Peloton Interactive Inc (NASDAQ: PTON) is down 20% on Thursday after the fitness equipment company disappointed investors not just in terms of its Q4 results but the future guidance as well.
Should you buy Peloton stock?
Peloton stock has failed to find a floor since the start of 2021. It’s still averaging at about $650 million of negative free cash flow a quarter.
Still, Jim Cramer has enough confidence in the new management to recommend buying it. This morning on CNBC’s “Squawk on the Street”, he said:
I say, you buy McCarthy. He’s talking about London offensive, going international. Liz Coddington – a fantastic person in finance will now be the CFO. The sloppy nature of previous reporting is over, the expense they had in the last mile is over, they needed cuts as painful as they were. They say our goal is fiscal 23; we just had fiscal 2022 over.
Peloton Q4 financial highlights
Lost $1.24 billion versus the year-ago figure of $313 million
Per-share loss climbed sharply from $1.05 to $3.68
Revenue declined 28% year-over-year to $679 million
Consensus was 76 cents of per-share loss on $682 million revenue
Average monthly churn of 1.4% was bigger than 1.04% expected
CEO McCarthy’s remarks
The quarterly loss was partially a function of $415 million hit from restructuring. In the letter to shareholders, CEO Barry McCarthy said:
The loss reflects the substantial progress we made this last quarter re-architecting the business to reduce the current and future inventory overhang, converting fixed to variable costs, and addressing numerous supply chain issue.

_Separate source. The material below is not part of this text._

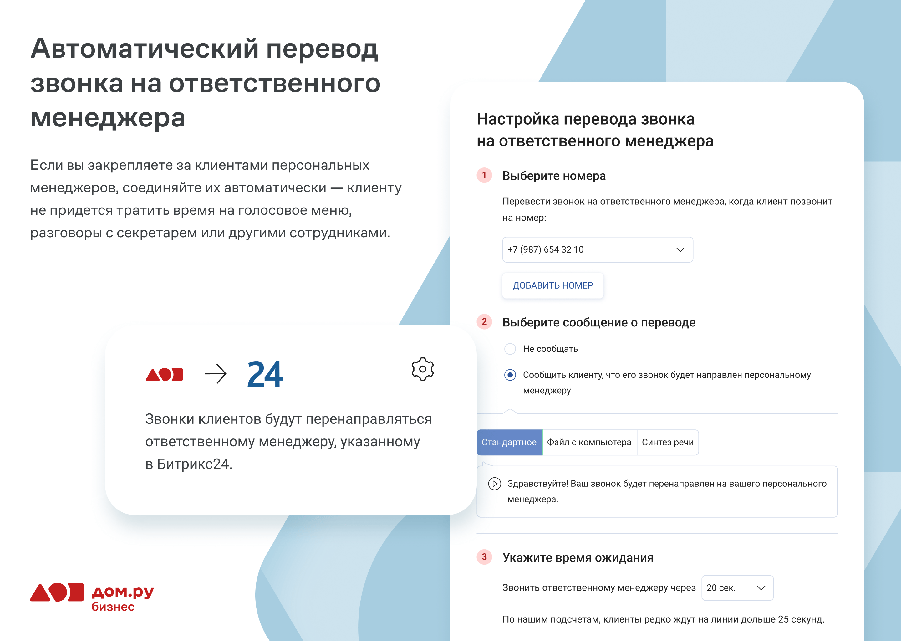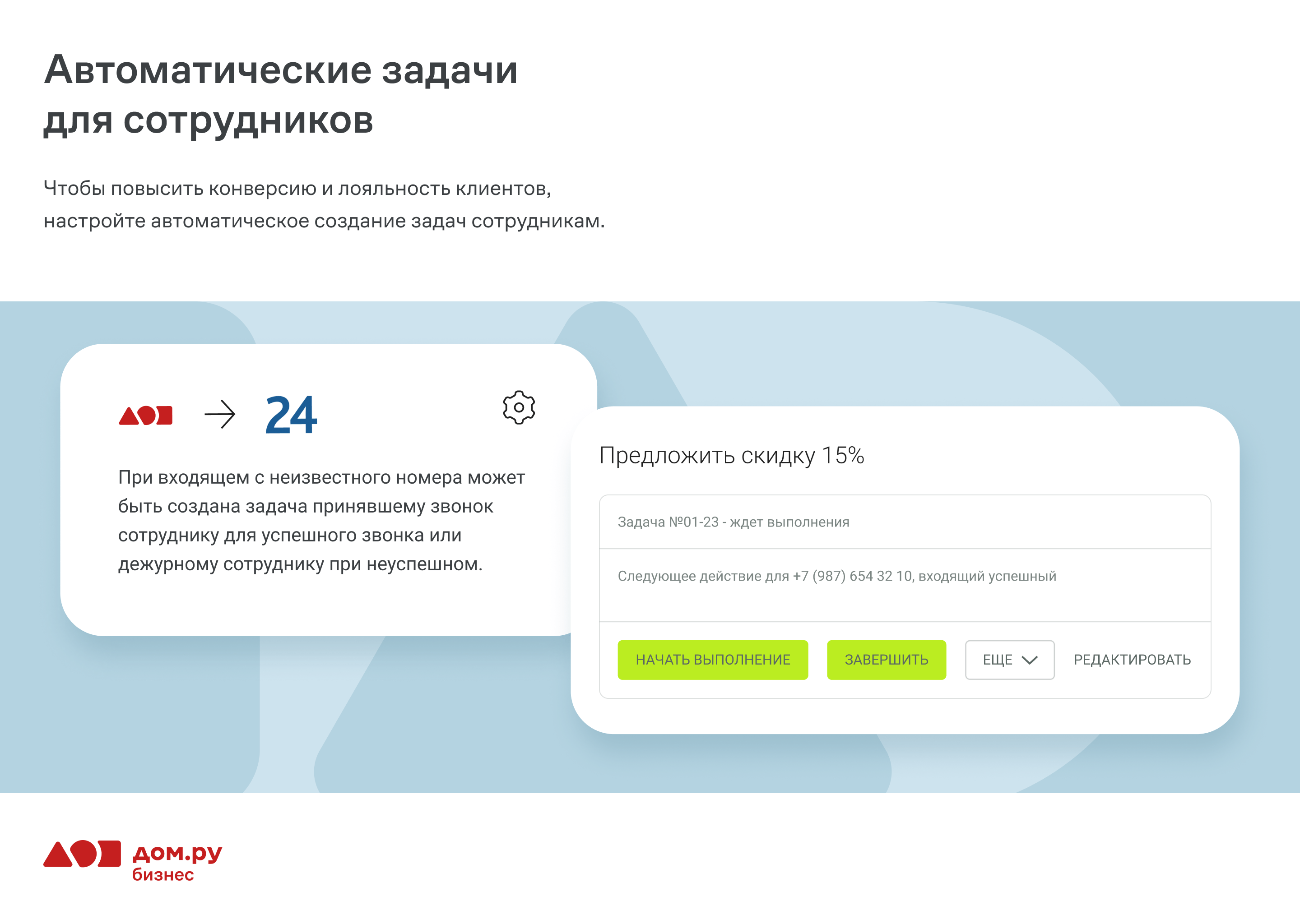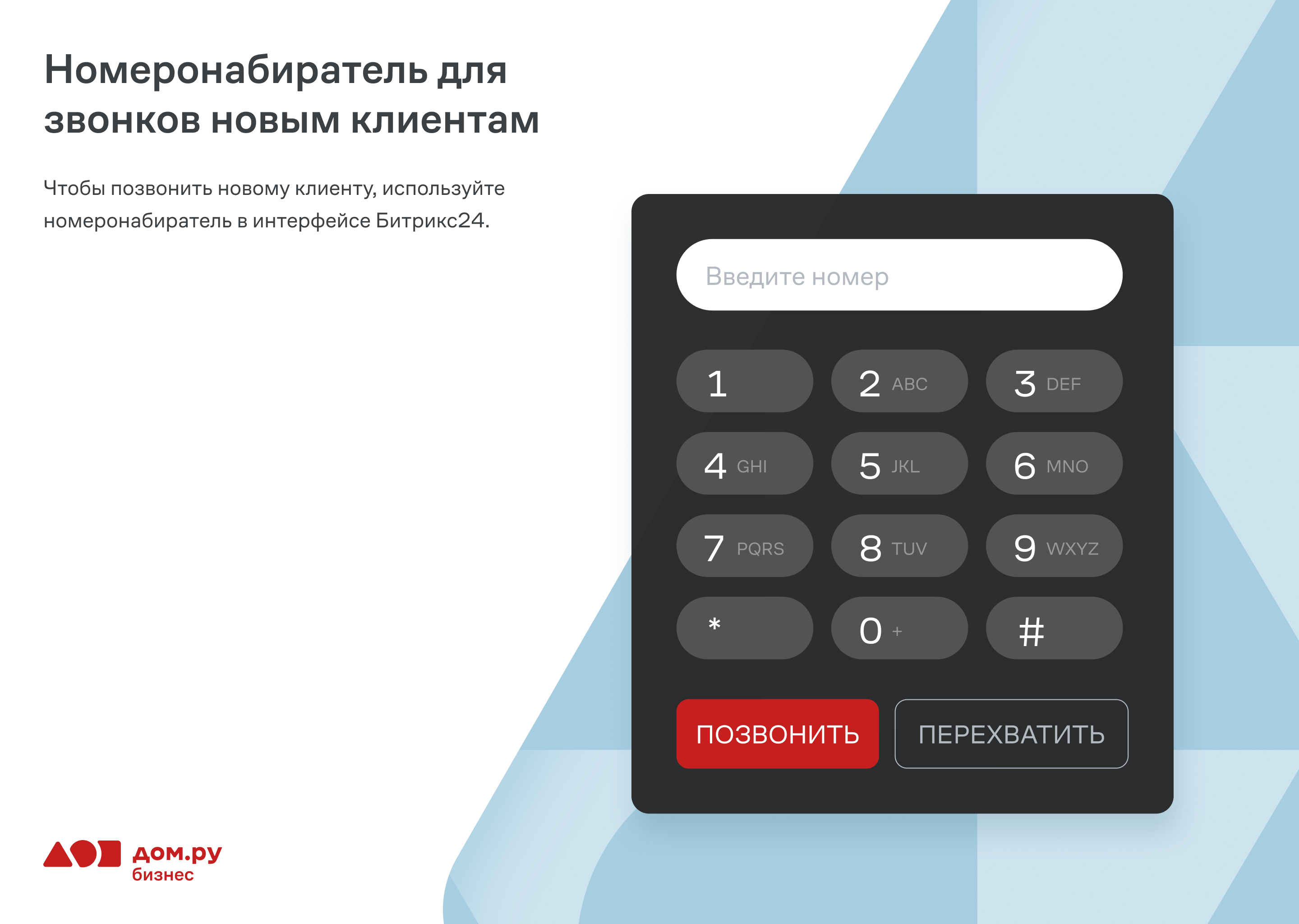 Интегрируйте Облачную АТС от Дом.ру Бизнес и Битрикс24 для автоматизации ваших продаж.

The Nasdaq-listed firm ended the quarter with 2.97 million connected fitness subscribers, roughly in line with Street estimates. Revenue from subscriptions was $383 million in Q4.
Peloton stock down on future guidance
Peloton stock is also down since the connected fitness company lowered its guidance, citing seasonally weaker demand. The recent price hike could weigh on sales as well.
For the current financial quarter, Peloton expects its revenue to fall between $625 million and $650 million – a 21% YoY decline.
A day earlier, the New York based company said it will start selling its fitness equipment and apparel on Amazon.